Inyección directa de ADN desnudo frente a condensado en el cerebro: transferencia génica de células del ganglio retinal in vivo Introducción

La inserción de ADN foráneo en neuronas adultas tiene potencial para el estudio de fisiología neuronal normal y para el tratamiento de enfermedades neurales. La transferencia génica en neuronas se ha logrado usando vectores virales, sin embargo requiere metodologías sofisticadas y normalmente las células transfectadas no pueden limitarse a ningún tipo de neurona particular.
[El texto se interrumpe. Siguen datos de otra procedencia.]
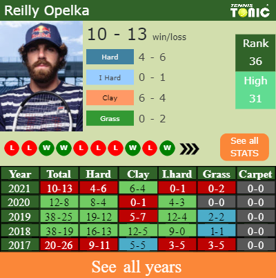 Opelka has a winning win-loss record in the last 8 years having won 56% of his matches (177-137). 4-6 on hard in 2021. In connection with his performance on the same surface of this competition, Opelka has an aggregate81-70 match record in the last 8 years on hard.

El transporte retrógrado axonal es un proceso fisiológico continuo que se ha encontrado que transporta una gran variedad de diferentes tipos de moléculas. Se sabe que muchas moléculas se incorporan en la luz del axón a través de la endocitosis, ya sean partículas adsorbidas o en fase fluida. En la situación en la que se han cortado los axones, se postula que las partículas solubles del espacio extracelular pueden difundir en el axón y desplazarse hacia el
soma.

En los presentes experimentos se sometió a prueba si ADN de plásmido desnudo o condensado en un esferoide compacto, aplicado al extremo cortado de los axones de células del ganglio retinal en el nervio óptico o al tectum del cerebro se transporta de nuevo al soma y se expresa para dar proteínas.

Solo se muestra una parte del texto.